▶ Problem statement: Report how many lines in the records below contain the word "sobre". Nothing else belongs in the answer.

+++

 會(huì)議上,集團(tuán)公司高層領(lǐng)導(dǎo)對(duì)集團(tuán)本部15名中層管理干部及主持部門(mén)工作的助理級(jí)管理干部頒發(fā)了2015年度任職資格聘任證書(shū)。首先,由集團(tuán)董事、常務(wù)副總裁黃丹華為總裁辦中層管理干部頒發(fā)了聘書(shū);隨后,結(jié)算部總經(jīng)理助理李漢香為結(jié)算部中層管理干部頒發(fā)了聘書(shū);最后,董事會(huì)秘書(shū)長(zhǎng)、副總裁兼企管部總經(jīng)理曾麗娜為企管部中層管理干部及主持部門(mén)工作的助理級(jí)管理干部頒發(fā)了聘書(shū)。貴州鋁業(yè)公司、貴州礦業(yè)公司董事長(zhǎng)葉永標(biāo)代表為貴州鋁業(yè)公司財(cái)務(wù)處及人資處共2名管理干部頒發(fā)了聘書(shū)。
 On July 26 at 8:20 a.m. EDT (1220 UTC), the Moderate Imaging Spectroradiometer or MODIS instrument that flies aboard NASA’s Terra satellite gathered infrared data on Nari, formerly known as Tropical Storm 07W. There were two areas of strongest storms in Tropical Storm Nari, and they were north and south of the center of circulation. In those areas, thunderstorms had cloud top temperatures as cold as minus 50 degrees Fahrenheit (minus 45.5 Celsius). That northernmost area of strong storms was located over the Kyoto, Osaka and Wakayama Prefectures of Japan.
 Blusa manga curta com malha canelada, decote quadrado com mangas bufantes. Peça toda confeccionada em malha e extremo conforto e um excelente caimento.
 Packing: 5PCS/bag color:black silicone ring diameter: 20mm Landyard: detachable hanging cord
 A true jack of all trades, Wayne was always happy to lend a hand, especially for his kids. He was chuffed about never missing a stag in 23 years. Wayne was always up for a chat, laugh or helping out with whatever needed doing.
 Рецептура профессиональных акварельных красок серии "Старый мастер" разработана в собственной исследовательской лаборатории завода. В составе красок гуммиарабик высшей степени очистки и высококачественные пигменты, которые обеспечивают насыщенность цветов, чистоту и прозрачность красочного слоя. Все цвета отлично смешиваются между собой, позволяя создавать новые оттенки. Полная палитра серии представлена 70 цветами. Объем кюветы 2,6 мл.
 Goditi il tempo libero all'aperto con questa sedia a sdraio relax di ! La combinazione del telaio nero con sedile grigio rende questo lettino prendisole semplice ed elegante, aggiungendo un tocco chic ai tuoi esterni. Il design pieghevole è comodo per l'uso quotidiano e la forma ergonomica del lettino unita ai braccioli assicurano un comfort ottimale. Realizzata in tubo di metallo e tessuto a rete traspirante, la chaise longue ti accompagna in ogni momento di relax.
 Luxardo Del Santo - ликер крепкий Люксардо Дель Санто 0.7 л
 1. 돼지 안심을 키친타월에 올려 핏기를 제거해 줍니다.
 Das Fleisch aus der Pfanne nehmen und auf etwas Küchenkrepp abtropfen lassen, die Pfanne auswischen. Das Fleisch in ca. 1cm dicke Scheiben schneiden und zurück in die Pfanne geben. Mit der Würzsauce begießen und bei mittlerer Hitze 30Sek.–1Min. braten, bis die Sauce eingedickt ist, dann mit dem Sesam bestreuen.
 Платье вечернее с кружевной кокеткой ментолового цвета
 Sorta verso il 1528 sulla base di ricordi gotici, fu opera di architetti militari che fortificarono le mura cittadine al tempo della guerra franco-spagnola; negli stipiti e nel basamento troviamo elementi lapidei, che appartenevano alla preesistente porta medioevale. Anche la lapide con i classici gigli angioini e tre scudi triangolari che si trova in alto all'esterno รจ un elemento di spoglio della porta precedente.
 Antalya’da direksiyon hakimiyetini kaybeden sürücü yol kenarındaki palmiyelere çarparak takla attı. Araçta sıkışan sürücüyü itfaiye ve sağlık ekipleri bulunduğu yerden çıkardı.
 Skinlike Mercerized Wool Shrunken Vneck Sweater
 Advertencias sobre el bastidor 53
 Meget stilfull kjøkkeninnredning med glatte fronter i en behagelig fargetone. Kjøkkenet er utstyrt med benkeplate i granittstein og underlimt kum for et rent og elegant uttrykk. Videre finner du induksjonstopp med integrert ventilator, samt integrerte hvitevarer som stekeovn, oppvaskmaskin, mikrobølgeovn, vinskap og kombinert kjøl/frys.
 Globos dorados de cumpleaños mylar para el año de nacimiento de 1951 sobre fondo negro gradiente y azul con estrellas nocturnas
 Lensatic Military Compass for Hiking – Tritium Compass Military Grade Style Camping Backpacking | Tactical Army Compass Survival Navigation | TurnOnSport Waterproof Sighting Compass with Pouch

+++

▶ Written response: 2